[DATA — start]
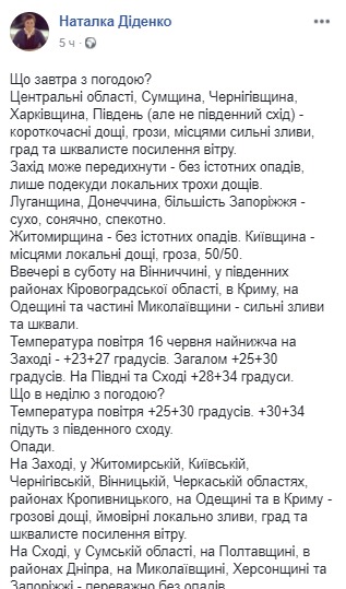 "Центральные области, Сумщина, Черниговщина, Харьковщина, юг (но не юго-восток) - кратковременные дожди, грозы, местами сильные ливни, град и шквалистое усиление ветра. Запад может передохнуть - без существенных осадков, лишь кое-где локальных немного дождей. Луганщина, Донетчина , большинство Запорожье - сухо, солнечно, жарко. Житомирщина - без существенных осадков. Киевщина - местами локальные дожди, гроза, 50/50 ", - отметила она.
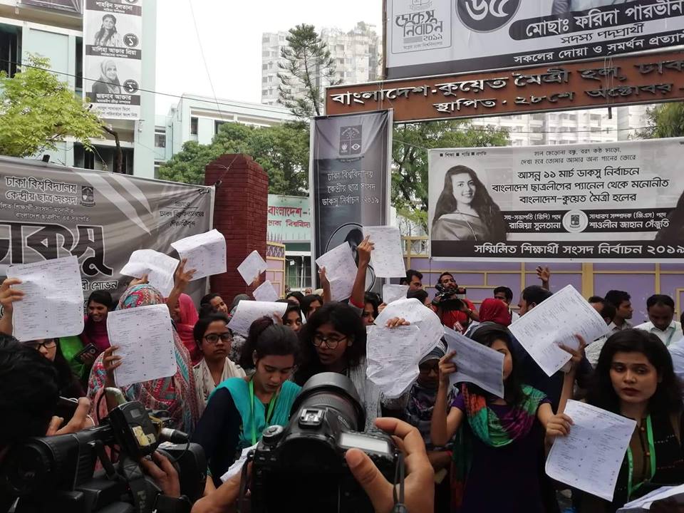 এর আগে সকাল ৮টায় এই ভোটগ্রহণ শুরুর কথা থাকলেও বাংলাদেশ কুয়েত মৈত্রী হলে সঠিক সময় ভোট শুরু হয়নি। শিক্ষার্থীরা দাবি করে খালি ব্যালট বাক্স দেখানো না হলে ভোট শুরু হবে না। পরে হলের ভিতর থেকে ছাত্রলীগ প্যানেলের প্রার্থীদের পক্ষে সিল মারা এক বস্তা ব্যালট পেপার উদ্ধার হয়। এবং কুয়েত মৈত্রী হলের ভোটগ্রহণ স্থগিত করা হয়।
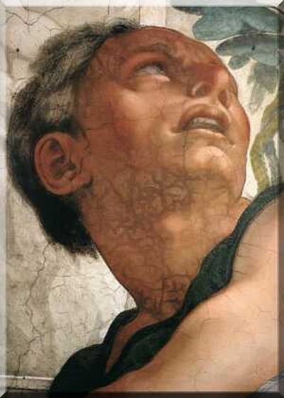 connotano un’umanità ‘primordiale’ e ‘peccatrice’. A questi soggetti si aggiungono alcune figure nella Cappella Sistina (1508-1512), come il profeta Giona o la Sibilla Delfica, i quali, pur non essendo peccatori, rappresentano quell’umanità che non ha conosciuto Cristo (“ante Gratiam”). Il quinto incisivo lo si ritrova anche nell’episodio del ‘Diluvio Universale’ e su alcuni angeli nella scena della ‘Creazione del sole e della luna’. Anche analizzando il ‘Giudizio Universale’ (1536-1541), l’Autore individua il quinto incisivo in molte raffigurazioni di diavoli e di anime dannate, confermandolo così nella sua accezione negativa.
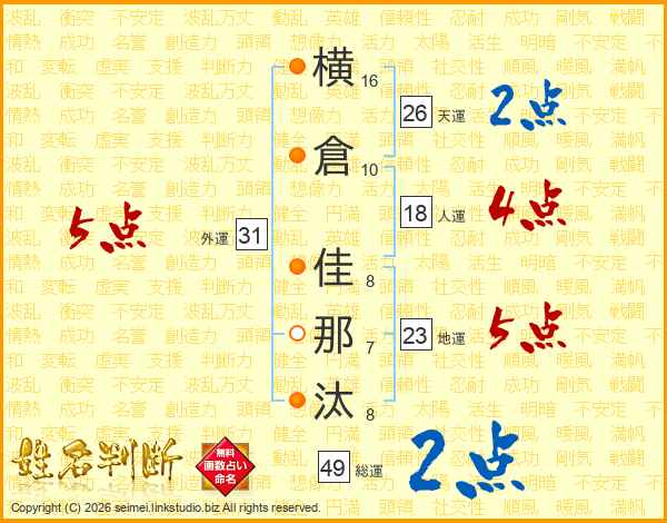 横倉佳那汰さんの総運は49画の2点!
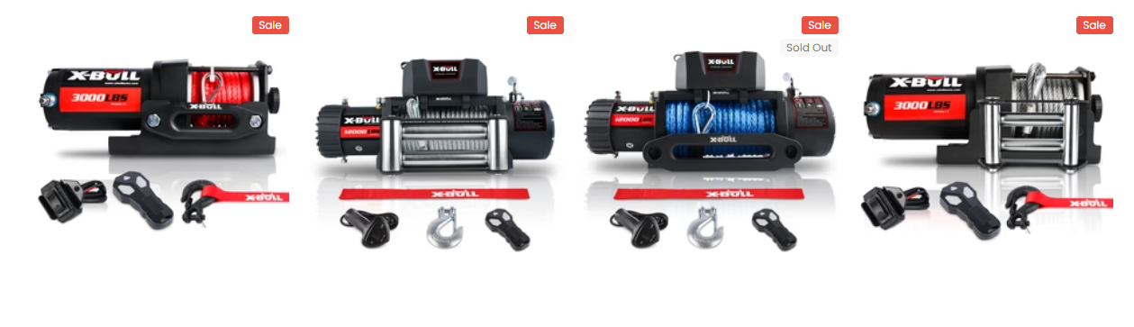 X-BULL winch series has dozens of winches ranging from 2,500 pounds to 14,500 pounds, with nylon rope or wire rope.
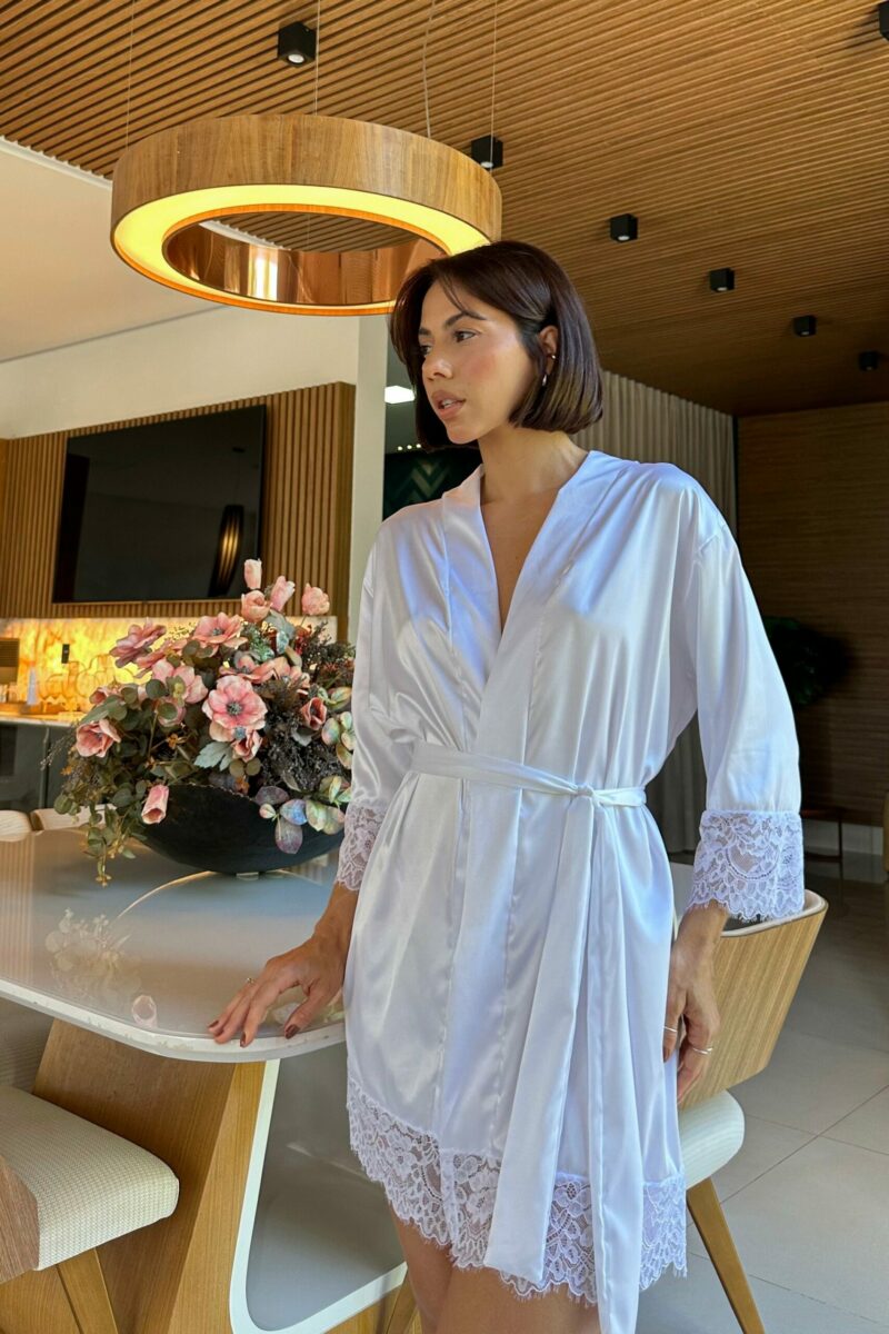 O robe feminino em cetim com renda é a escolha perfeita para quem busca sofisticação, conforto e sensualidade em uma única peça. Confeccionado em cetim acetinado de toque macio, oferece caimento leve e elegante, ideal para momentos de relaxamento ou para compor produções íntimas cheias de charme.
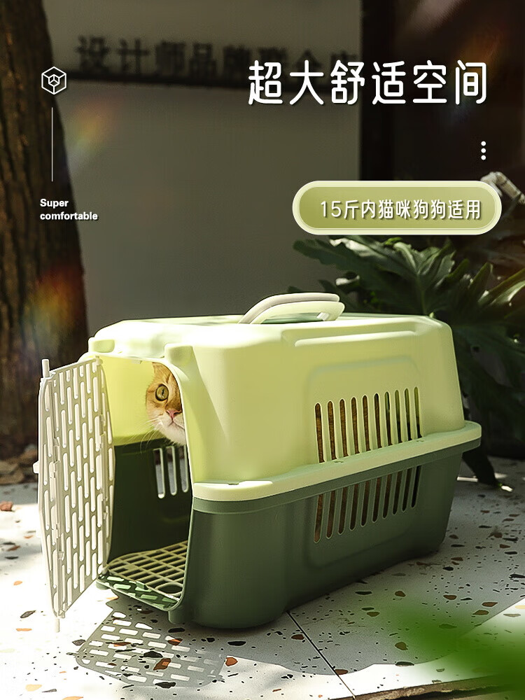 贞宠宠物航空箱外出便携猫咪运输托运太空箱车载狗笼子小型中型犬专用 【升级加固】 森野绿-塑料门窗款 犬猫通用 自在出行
[DATA — finish]
ASSIGNMENT: Beginning with the line with "O robe feminino", repeat the entries above exactly, up to and including the last line, leaving out pictures.

EXERCISE OUTPUT:
 O robe feminino em cetim com renda é a escolha perfeita para quem busca sofisticação, conforto e sensualidade em uma única peça. Confeccionado em cetim acetinado de toque macio, oferece caimento leve e elegante, ideal para momentos de relaxamento ou para compor produções íntimas cheias de charme.
 贞宠宠物航空箱外出便携猫咪运输托运太空箱车载狗笼子小型中型犬专用 【升级加固】 森野绿-塑料门窗款 犬猫通用 自在出行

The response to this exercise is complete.